The California Court of Appeal reversed the trial court’s ruling, holding that Interstate had a right of subrogation against Subcontractor B, based on Subcontractor B’s alleged breach of the indemnity provisions in the contract with General Contractor. The court acknowledged that the good faith settlement determination did, under California law, bar any equitable contribution claim based on the comparative negligence of Subcontractor B in causing the injury. However, the court held the contractual claim for indemnity survived the good faith settlement determination, and that Interstate, as the insurer, could step in the shoes of its insured, General Contractor, to pursue the claim. The court extensively reviewed and discussed many of California’s subrogation cases spanning the past 40 years and concluded that the equities of the insurer were superior to that of Subcontractor B, and that there was no basis to prevent the insurer from pursuing its claim for breach of the indemnity provisions within the contract. 

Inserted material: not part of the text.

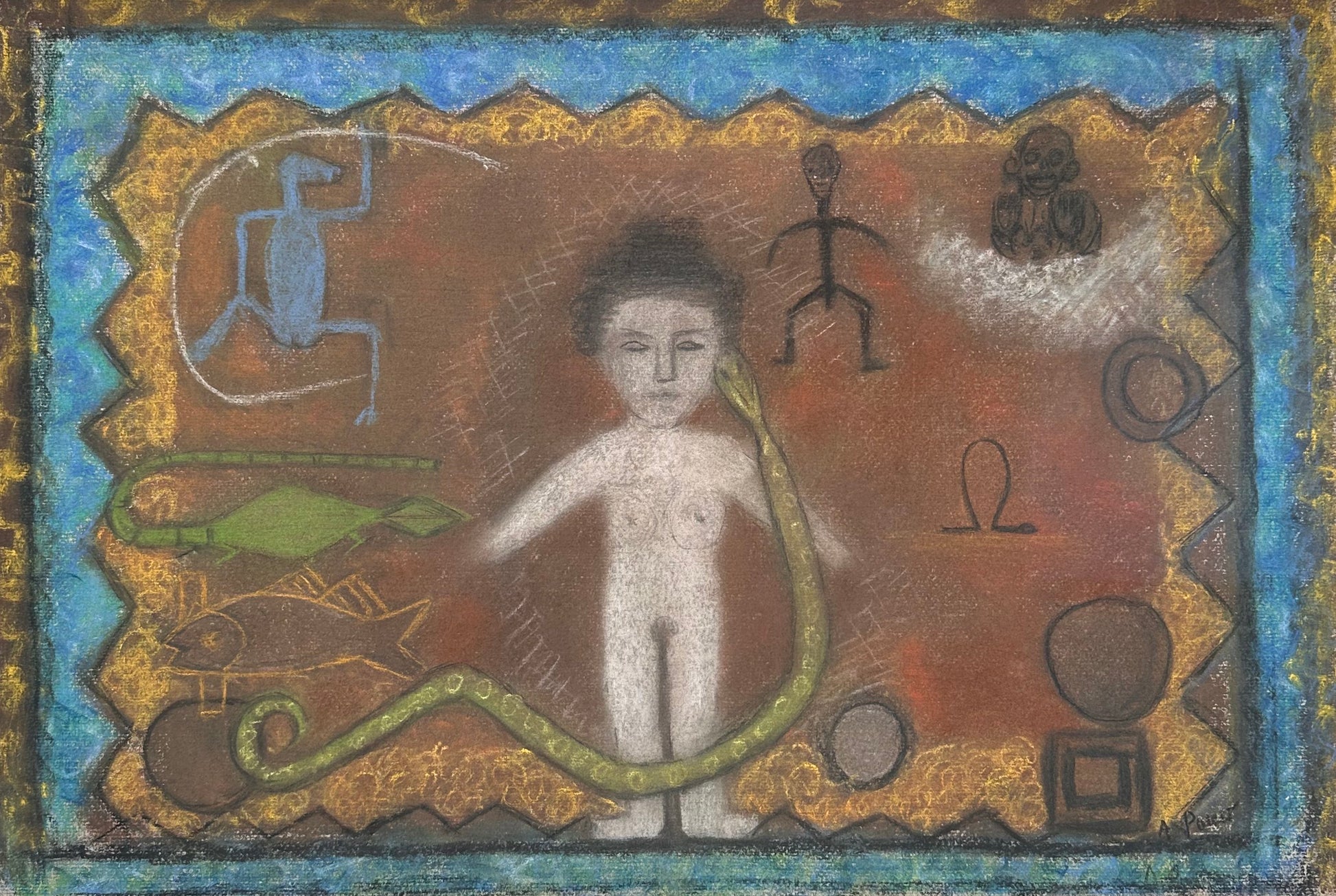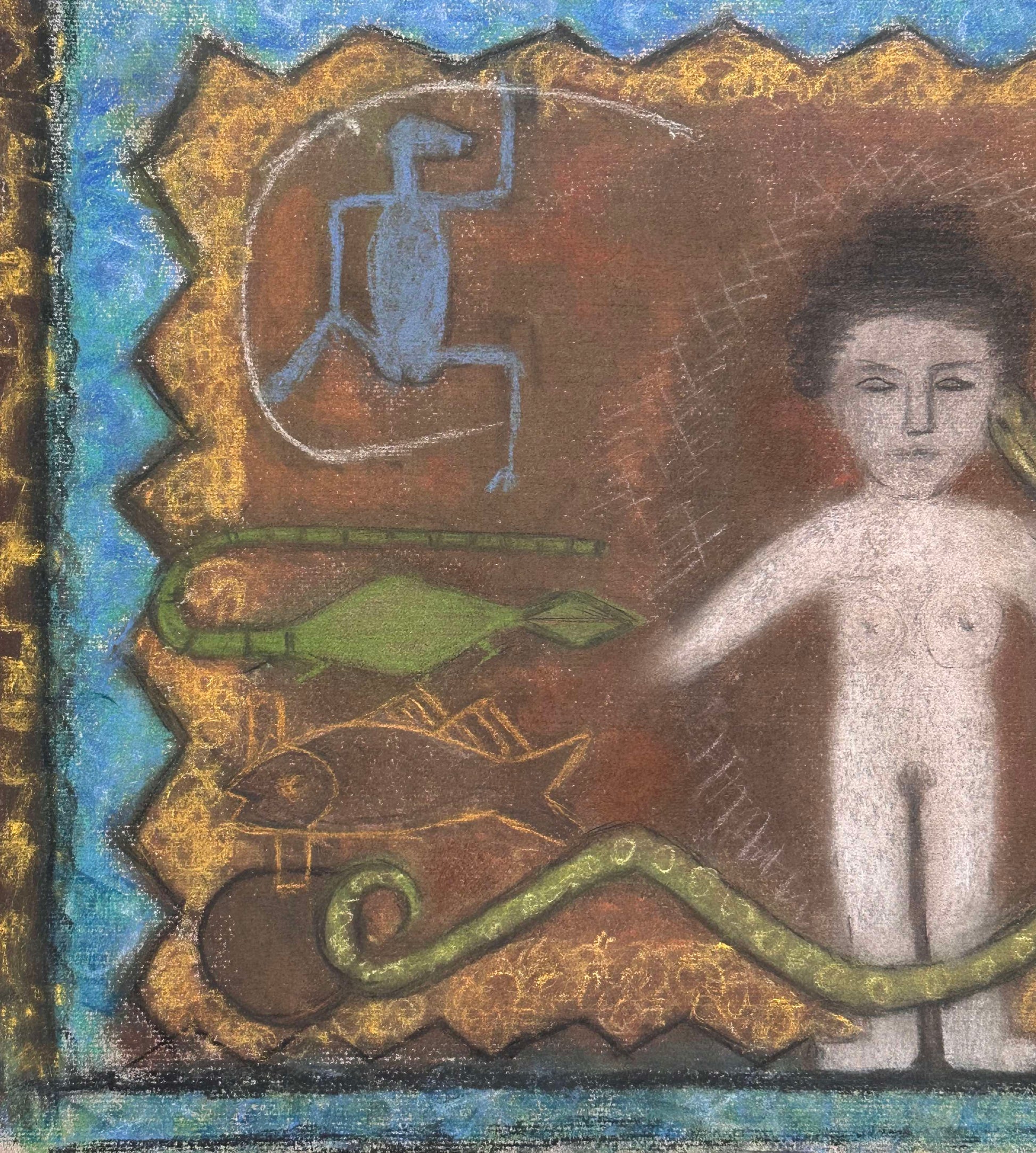 This striking work is full of religious ionography, in a Celtic-meets-South-American folk art style. It is one of the larger and more elaborate of his works that we have come across. His work was reviewed as being in a "faux-naïf" style with a "sharply etched focus" bordering on surrealism by the art critic Brian Fallon.

The lesson learned from the case is where a defendant or cross-defendant is not willing to contribute its fair share or acknowledge responsibility under a contractual indemnity agreement, a subsequent subrogation action against the non participating defendant may be a viable option. As the Interstate case illustrates, even if one of the defendants participates in the settlement, but fails to live up to all of its contractual responsibilities, a viable subrogation claim may exist, pending the provisions in the parties’ contracts, and the specific facts of the case.